Books I Read: March 2017

Here’s another month of books I read. Eight of them this month. Don’t expect me to keep up this pace.

Neil Gaiman, Norse Mythology. **** This is a pretty good telling of some of the Norse myths. I mean, it’s good in that it reads like folklore. I have no idea how close this comes to the original stories. Also, I’m kind of cynical when a pop persona like Gaiman writes about an academic subject as if he is an expert. But still – enjoyable.

Octavia Butler, Parable of the Talents. **** A great follow up to Sower. This book makes you think about things. I read this on the beach while on vacation and felt like a huge entitled jerk.

Joe Hill, NOS4A2. *** I think by now I’ve read all of Joe Hill’s stuff. He writes like his dad but his bad guys are more empathetic. This is a trait missing in a lot of King’s villains.

John Darnielle, Universal Harvester. **** The dude who is The Mountain Goats is also a novelist? Did you know that? I didn’t. I read both of his novels this month. This reads like a thriller in the craziest way. You have to pay attention when you read this.

John Darnielle, Wolf in White Van. **** Dang, this guy is good at writing. I feel like Darnielle was probably an interesting kid when he was growing up. Less cerebral than Universal Harvester, but I felt more empathy for the main character.

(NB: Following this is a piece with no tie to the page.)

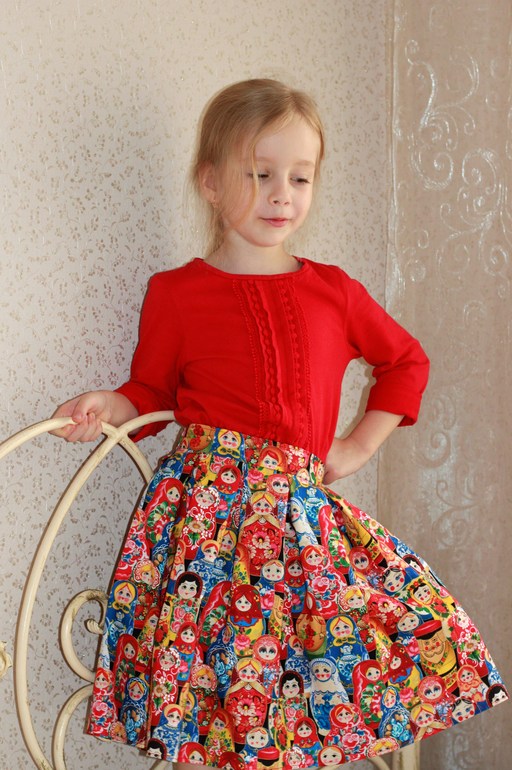 5. "Матрешки" На фото как-то не очень, от нее рябит в глазах, она на самом деле веселенькая такая, "на любителя" так скажем. Видимо я и есть такой любитель необычных и ярких принтов. Ее интересно рассматривать, каждая матрешка еще очерчена золотым контуром. Сначала хотела добавить нижнюю юбку с оборкой из синего фатина, думаю так будет интереснее, но что-то не стала заморачиваться. С бантовыми складками, потайная молния сбоку, сзади в поясе вставлена резинка, чтобы юбка не сползала.
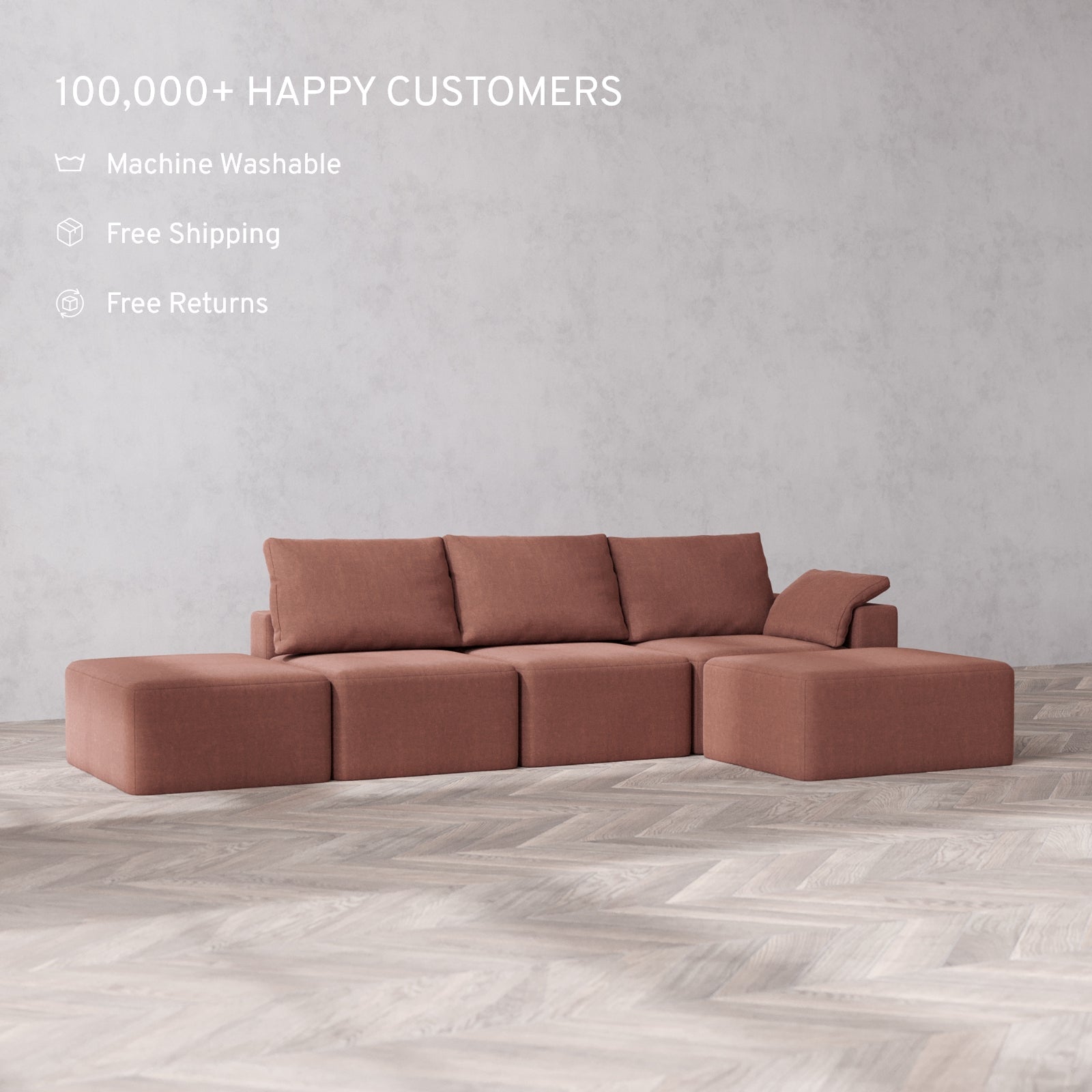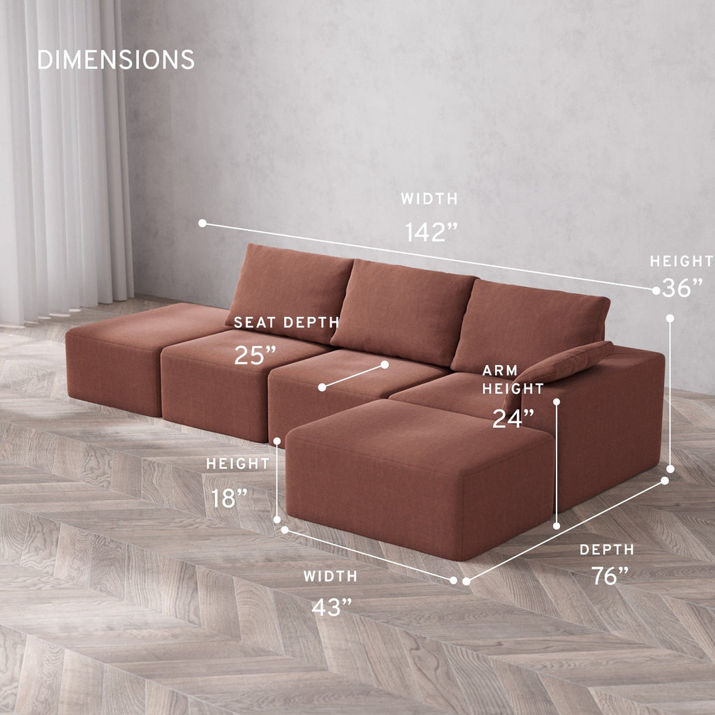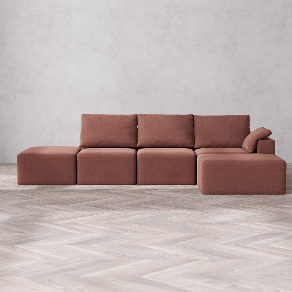 Slipcover Only - Modular Washable 3-Seater Open End Chaise Sectional Cloud + Bolster Sofa in Sumac | Right-Facing Arm

Josh Malerman, A House at the Bottom of a Lake. *** I read this because I really really enjoyed Bird Box when I read it in January. Read that book. This one’s good, but read Bird Box┬áif you read one book by Malerman.

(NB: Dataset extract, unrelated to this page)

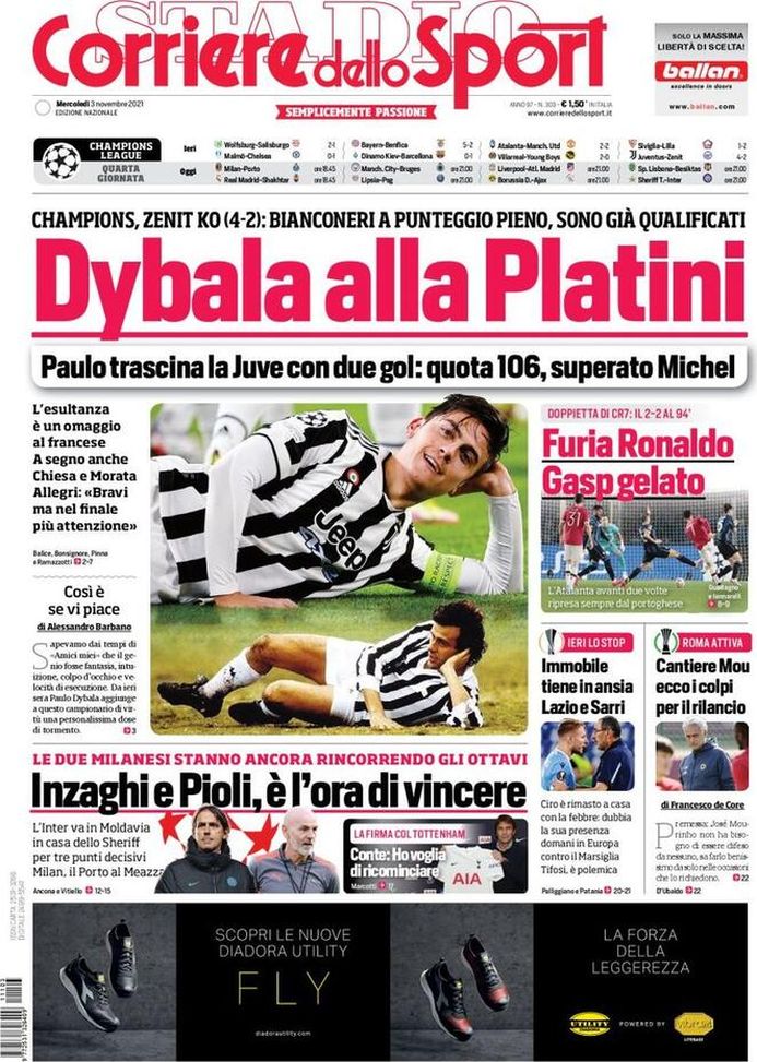Il 'Corriere dello Sport' oggi in edicola, in prima pagina, apre parlando di Paulo Dybala, autore di una doppietta in Juventus-Zenit 4-2 di Champions League. Raggiunto Michel Platini tra i cannonieri juventini di sempre, la 'Joya' gli ha dedicato l'esultanza della seconda rete. La furia di Cristiano Ronaldo si abbatte sull'Atalanta: doppietta del portoghese e 2-2 dei 'Red Devils' al 'Gewiss Stadium', con gol del pareggio al 91'. Quindi, la presentazione delle gare odierne, Sheriff-Inter e Milan-Porto, con nerazzurri e rossoneri condannati a vincere, e quella di Antonio Conte come nuovo manager del Tottenham. Domani in campo per Europa League e Conference League: Ciro Immobile ha la febbre, è in dubbio per Marsiglia-Lazio. La Roma è chiamata al riscatto all'Olimpico contro il Bodø/Glimt.

Caitlin R. Kiernan, Agents of Dreamland. *** This is the type of book that your college roommate would call a “mind fuck.” If you like Philip K. Dick, which I do, you’ll enjoy this one.

Josh Malerman, Ghastle and Yule. **** This book details the creepy and obsessive relationship between two competing horror directors during the golden age of horror. The way he describes the fictional movies in this book make me want to watch them and it really bugs me that they don’t exist.